Внезапно меркнет свет, площадь погружается во мрак. В густых сумерках я вижу, как люди покидают ее. Тихо и покорно, с опущенными лицами они бредут куда-то во тьму. Я знаю, что они уходят умирать. Измученное сознание гаснет — я проваливаюсь в небытие…

Не знаю, сколько прошло времени: секунда или эпоха, но вдруг пахнуло тропическим жаром, перегноем и грозой. Площадь исчезла — передо мной открылся туманный безбрежный простор. Он весь дышал, вздыхал и шевелился, будто силясь проснуться. Оранжевый диск солнца таял в туманном мареве на горизонте, как потухающий светильник, изредка взрываясь огненными шарами. Пахло озоном. Хилая растительность у меня под ногами на глазах завяла, тут же превращаясь в перегной, в рыхлую плодородную почву, на которой уже ничего не произрастало. Земля под ногами тихо шевелилась, постепенно выравнивалась сама собой. Она еще дышала какое-то время, но потом замерла в полной глухой тишине.

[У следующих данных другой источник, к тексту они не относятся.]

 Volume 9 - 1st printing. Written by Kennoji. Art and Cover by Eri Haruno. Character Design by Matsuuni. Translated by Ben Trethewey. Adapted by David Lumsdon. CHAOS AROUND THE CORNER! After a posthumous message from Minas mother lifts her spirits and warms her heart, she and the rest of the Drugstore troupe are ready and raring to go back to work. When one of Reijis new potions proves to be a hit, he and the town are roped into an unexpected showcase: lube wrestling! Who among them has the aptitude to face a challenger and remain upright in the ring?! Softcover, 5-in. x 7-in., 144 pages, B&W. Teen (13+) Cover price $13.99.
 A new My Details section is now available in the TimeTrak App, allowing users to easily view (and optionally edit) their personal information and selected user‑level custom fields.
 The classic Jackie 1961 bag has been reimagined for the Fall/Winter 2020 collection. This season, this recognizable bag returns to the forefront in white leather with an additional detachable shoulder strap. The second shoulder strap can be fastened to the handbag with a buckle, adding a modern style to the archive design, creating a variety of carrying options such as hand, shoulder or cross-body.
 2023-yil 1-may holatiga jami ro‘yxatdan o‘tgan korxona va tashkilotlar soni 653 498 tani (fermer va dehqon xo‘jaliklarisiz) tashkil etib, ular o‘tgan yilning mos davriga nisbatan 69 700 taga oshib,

Я стояла в центре безбрежной неподвижной равнины. Сумрачный теплый туман клубился вокруг меня…

Вдруг земля передо мной приподнялась и зашевелилась. Возник бугорок, который на глазах превращался в холм, из недр которого на поверхность явно пробивалось какое-то громадное тело, блестящий чешуйчатый снаряд, который медленно расщеплялся на конце, и оттуда вылезало нечто живое… Вот оно сделало усилие и обратилось в громадную голову ископаемого чудовища… Медленно открывались стеклянные створки глаз, и длинные усы распрямлялись, как локаторы. Вслед за головой появилось членистоногое туловище. Оно все дрожало от внутреннего напряжения, и какая-то черная мантия клубилась вокруг него.

Чудовище выбралось на поверхность земли, приподнялось на слабых, тонких лапках, содрогнулось всем телом и внезапно расправило два черных бархатных крыла, которые затмили все небо. Надо мной возвышалась гигантская бабочка, и бабочка эта была возмездием… или, может быть, забвением… Я точно знала, что это такое, но в нашем языке не было слова, определяющего это явление.

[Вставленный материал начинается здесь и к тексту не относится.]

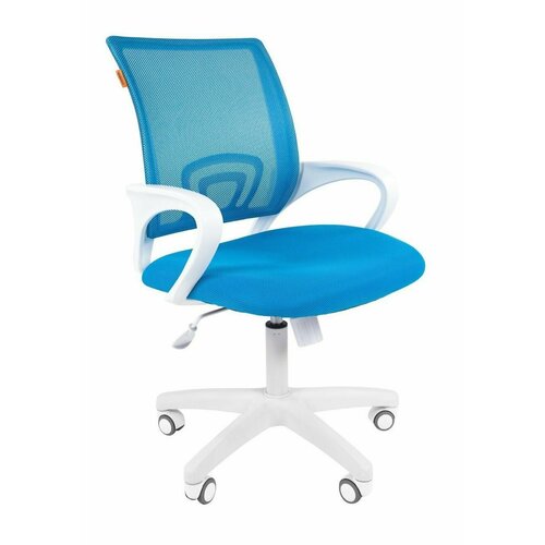 Офисное кресло CHAIRMAN 696 в белом пластике, ткань/сетка, голубой

Я обмерла под ее взглядом, оцепенела и вдруг поняла, что эти мертвые, использованные и затасканные слова внезапно обернулись чем-то живым и могучим. Я тихо и сладко умирала под ее взглядом, но сама она не была смерть — умирала я от собственных грехов.

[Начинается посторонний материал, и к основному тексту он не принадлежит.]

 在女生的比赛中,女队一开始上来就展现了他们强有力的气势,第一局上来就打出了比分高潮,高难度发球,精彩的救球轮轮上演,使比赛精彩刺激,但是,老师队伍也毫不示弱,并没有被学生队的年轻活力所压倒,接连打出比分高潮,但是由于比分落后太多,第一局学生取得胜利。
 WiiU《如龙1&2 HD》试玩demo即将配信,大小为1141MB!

Между тем готовились новые превращения. Что-то грозное творилось в атмосфере. Бабочка пыталась взлететь, но не могла этого сделать. Ее тело дрожало от напряжения, и черный бархат трепыхался у меня над головой. Мне хотелось, чтобы она намертво прикрыла меня своим крылом, но она вдруг сложила крылья, лишив меня своего покровительства.

Я одна перед лицом грозных сил Вселенной. Минуту? Вечность? Затылком чувствую ее холодное дыхание, и мои наэлектризованные волосы поднимаются над головой шевелящимся нимбом. Космос входит в меня. Я понимаю, что еще мгновение — и мне откроется суть мироздания.

Но ужас перед близким концом света парализует мой мозг. Я ничего больше не желаю видеть, слышать и постигать. Я бросаюсь на землю, зарываюсь в ее влажное, живое тепло…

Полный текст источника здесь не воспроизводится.